Creating Technology for Social Change

Teaching government how to fail

Image by Soelin (http://www.flickr.com/photos/soelin)

“Our job is to get government used to the idea of failing.”

Nigel Jacobs’ New Urban Mechanics team at Boston’s City Hall has piloted several successful projects since its launch in 2010, from video game-inspired citizen engagement platforms to mobile apps to report potholes. But according to Jacob, one of the most important contributions the team is making to civic innovation is not building great apps and services, but in giving government officials the space to get things wrong.

The ultimate goal for City Hall innovation teams like the New Urban Mechanics in Boston and Philadelphia, San Francisco’s Office of Civic Innovation, Chicago’s Department of Innovation and Technology and New York’s Department of Information Technology and Telecommunications is to foster innovation across government departments. Jacob, who co-founded his team with Chris Osgood, says that’s not easy because city governments have a culture of risk aversion — naturally so, given the nature of their services — and that despite a general enthusiasm for new solutions, it’s tough to get new initiatives moving.

New Urban Mechanics tries to address that problem by acting as a “risk aggregator”, he says, encouraging innovators from outside their office to try out projects and use them as a host organization. Those innovators can be from within government or the wider community: “We regard innovators inside government or outside it no differently,” Jacob says. For city officials, professional considerations can be a limiting factor, so his team focuses on providing a pathway for internal innovators to express and act on their ideas without exposing their own jobs and reputations if things didn’t work out so well.

The caution around innovation doesn’t generally stem from senior managers in government, who have – in Jacob’s experience – been amongst the most eager to find new solutions, even if they had no idea how. Those who need the most risk support he says, are the middle-to-upper management who are responsible for the day-to-day functioning of services and had real problem-solving expertise, but are wary of the consequences of screwing something up. One way to reduce the fear of innovation is to deploy projects very quickly – the Flu Shot web app to inform Bostonians about their nearest flu shot clinic, for instance, was deployed in under an hour, working from code written by civic technologists in Chicago. On the flip side, the consequences of failure can be minimized by identifying unsuccessful projects early, and exiting them relatively quickly: Jacob cites the example of Citizens Connect TXT, an SMS version of an existing platform that allows residents to report neighbourhood problems by text that was trialled in summer 2012, but was rolled up in the Fall after participation rates were lower than expected.

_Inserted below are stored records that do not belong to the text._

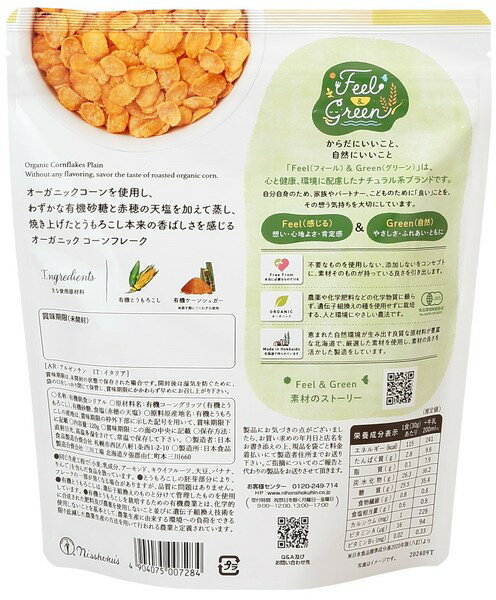 🎁 リピーター様限定企画 🎁 毎月11日~20日「ルーレット抽選会」開催! 店内で3,000円以上ご購入いただいたお客様の中から 抽選で 3名様に選べる賞品 が当たります🎯 👉 詳細はこちら https://www.rakuten.co.jp/lalacosme/contents/lalacosme/ 「からだにやさしい朝、はじめよう。」 — Feel & Green やさしいコーンフレーク 「Feel & Green やさしいコーンフレーク プレーン」は、 オーガニックコーンの自然な甘みと香ばしさをそのまま生かした、 砂糖不使用・無添加のナチュラルシリアルです。 余計なものを加えず、素材そのままの味わいと食感を大切に。 朝食はもちろん、ヨーグルトやサラダのトッピングにもぴったり。 植物性原料100%で、グルテンフリー・低GI・ヘルシー志向の方にもおすすめ。 体にも環境にもやさしい、毎日続けられる自然派コーンフレークです。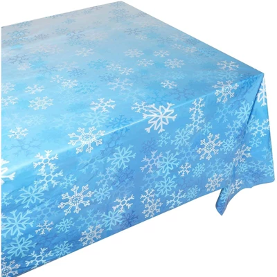 - Christmas Party Supplies: This party pack includes 3 plastic table covers with a blue snowflake graphic; ideal for your holiday party decorations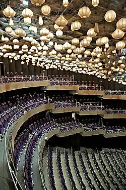 Performances are held in three venues, Großes Haus (Large hall), the variable Kleines Haus (Small hall) and the new U2. Every season offers around 30 new productions and 600 performances, from classical to premieres of new works. The symphony orchestra plays around 80 concerts per season.[2]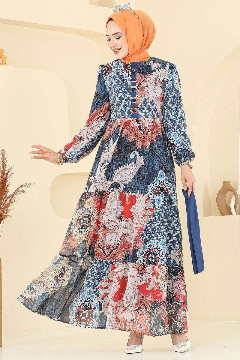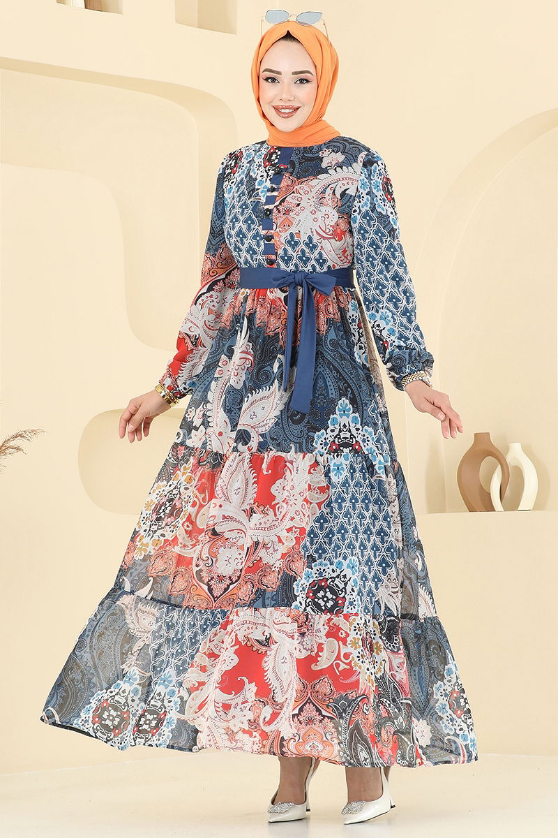 The Ethnic Pattern Chiffon Dress is a modest attire suitable for all seasons. Made from 100% chiffon, this dress can be washed at 30 degrees on a delicate cycle. It features a crew neck design and is fully lined for added elegance. The back is zippered, and the buttons are purely decorative. The belt detail is designed to prevent any waving, stitched at ends, with a middle part left seamless; it can be removed optionally. This dress also has elasticated cuffs, making it both comfortable and stylish.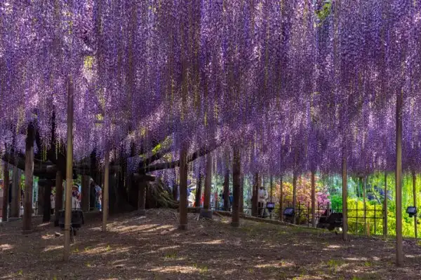 Цветущая 144-летняя глициния в японском парке Асикага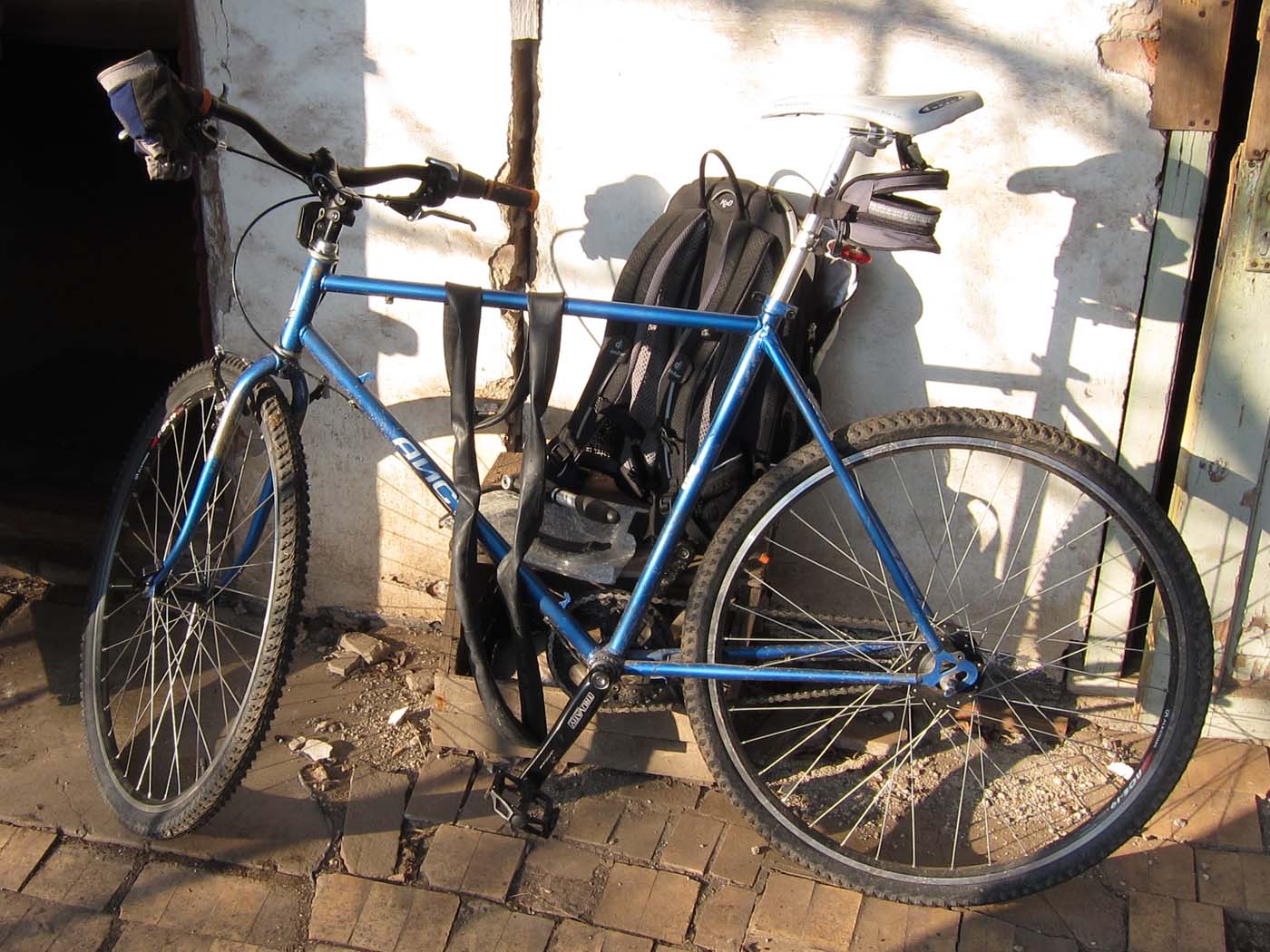 Стал думать что с ним дальше делать, потомучто долго б я с вываливающейся кареткой не протянул. До дома было больше 20км. Решил дотянуть хотябы до дачи(7 км). Отправившись туда через 4км образовалась еще одна "бяка". Левая чашка была плохо затянута (из инструмента был только съемник каретки без ключа) и открутилась, теперь уже заклинил правый шатун. Кроме того левая чашка заяйцилась и ни в какую не хотела обратно вкручиваться. 3 км пришлось его буксировать до дачи там и оставил.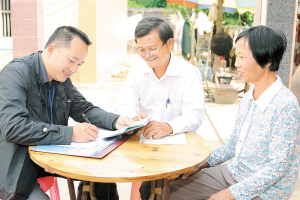 11月2日,人口普查员(左)在文昌市文城镇大潭村委会后坡村一户受灾农民家进行人口登记。当日,省第六次全国人口普查领导小组部分工作人员,来到文城镇普查办召开座谈会,调查了解在灾后重建中开展人口普查遇到的问题。 本报记者 苏晓杰 摄

The practice of rapid prototyping and evaluation is not typical in government, says Jacob, although it borrows heavily from the lean startup methodology developed by Silicon Valley entrepreneur Eric Ries. Ries proposes that ‘entrepreneurs are everywhere’ and companies should “build, measure and learn.” Those ideas complement the ‘government as a platform’ model popularised by Tim O’Reilly’s 2010 book Open Government, which suggests that one of the biggest tasks for government 2.0 is to “lower barriers to experimentation.”

A pipeline of promising innovation projects doesn’t deliver openness and efficiency on its own, though, since all those projects need highly engaged citizens to work and develop. That doesn’t just mean an active user group to test features and usability: citizens need to be part of the process of generating new innovation projects. Here Jacob says that apps can act as “a gateway drug” for civic engagement: citizens who become interested in one issue through a useful and entertaining app are likely to broaden their interest and expand the range of issues they follow – even the geography they identify with. In other words, people begin by engaging with issues immediate to them and their street, and when they see the possibility for positive change, they begin to think about other issues and the larger community they belong to.

There are some areas of policy that demand a greater investment than an app in order to make them meaningful to citizens. The planning process is notoriously complex and difficult to engage with, so the New Urban Mechanics are working with Eric Gordon’s Engagement Game Lab at Emerson College to pilot Citizen PlanIt, a platform that presents planning decisions in the style of a video game and has been tested in Detroit, Philadelphia and Salem, MA. The platform seeks to rid the process of its negative associations with lengthy town hall meetings by embracing what Gordon, Schirra and Hollander call ‘immersive planning’ that draws on the techniques used by popular video games. Citizens of any age can participate – Gordon says players as young as eight have been influencing planning outcomes – and games take place over a series of three weeks, concluding with a face-to-face meeting.

Like Jacob, Gordon says it’s critical that government doesn’t simply create innovative projects, but that it also creates and ecosystem of experimentation and learning that is a safe space for innovation among officials and citizens alike. “Civic learning is motivated by social connections and not merely by clear channels between citizens and government,” Gordon says.